(Stored items)
========

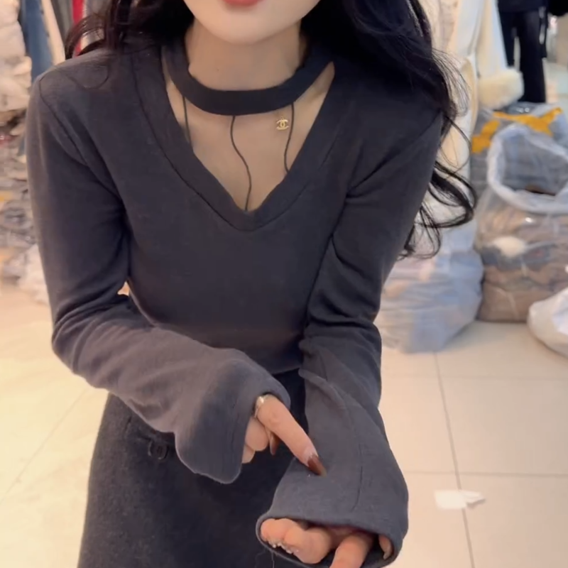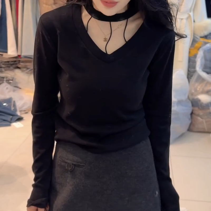 小心机网纱拼接V领长袖T恤女辣妹
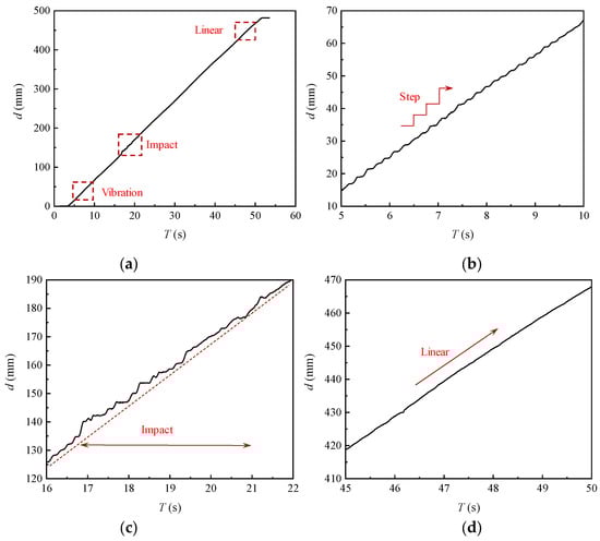 Displacement in gate-opening process: (a) overall; (b) vibration; (c) impact; (d) linear.
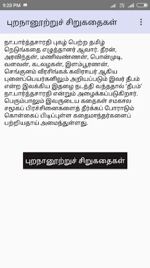 Na.Parasari is a well-known Tamil writer. Deepam, Aravindan, Manivannan, Ponmudi, Reshavan, Kadalazhagan, Nilamburanan, Sengulam Weerasinghe Kavirayar is known for his literary work as Deepam. Often his stories are about policy-makers who struggle to solve contemporary social problems.
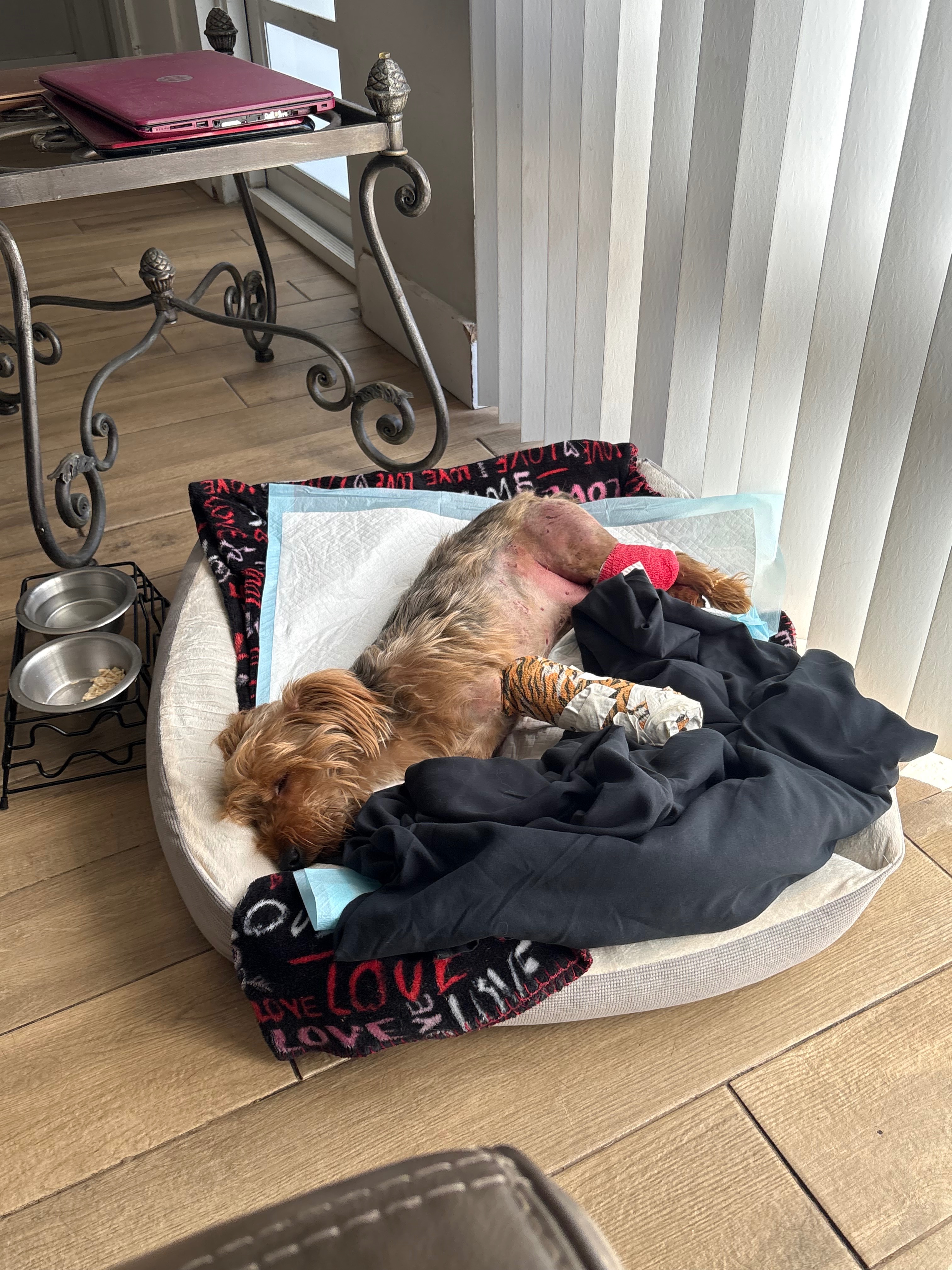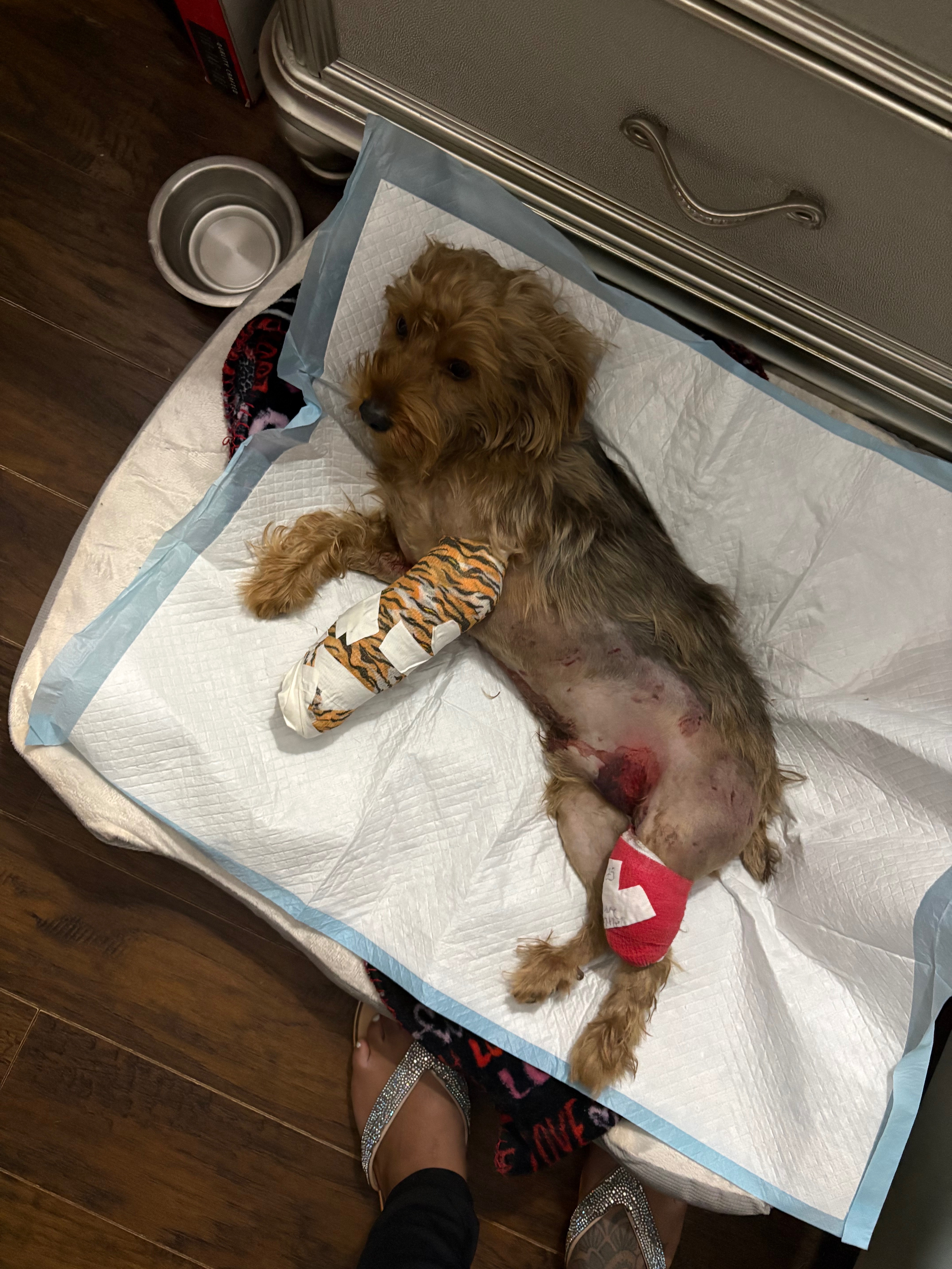 Kash accidentally dug a hole under our fence and got into a neighboring yard, where he was attacked and severely injured. As a result, he suffered a broken arm and multiple open wounds. One of his wounds has become infected, making his condition even more serious. We rushed him to the vet, and they have told us he will need surgery, daily bandage changes, and rehabilitation in order to heal properly.
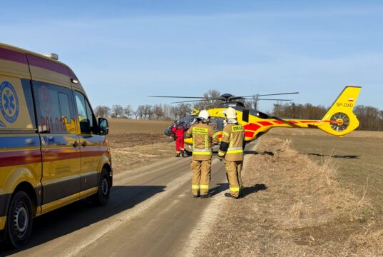 Wypadek w Jankowie Dolnym. Ranną zabrał śmigłowiec LPR.

========

Reprint the entries above exactly, images removed.

» Expected output
 小心机网纱拼接V领长袖T恤女辣妹
 Displacement in gate-opening process: (a) overall; (b) vibration; (c) impact; (d) linear.
 Na.Parasari is a well-known Tamil writer. Deepam, Aravindan, Manivannan, Ponmudi, Reshavan, Kadalazhagan, Nilamburanan, Sengulam Weerasinghe Kavirayar is known for his literary work as Deepam. Often his stories are about policy-makers who struggle to solve contemporary social problems.
 Kash accidentally dug a hole under our fence and got into a neighboring yard, where he was attacked and severely injured. As a result, he suffered a broken arm and multiple open wounds. One of his wounds has become infected, making his condition even more serious. We rushed him to the vet, and they have told us he will need surgery, daily bandage changes, and rehabilitation in order to heal properly.
 Wypadek w Jankowie Dolnym. Ranną zabrał śmigłowiec LPR.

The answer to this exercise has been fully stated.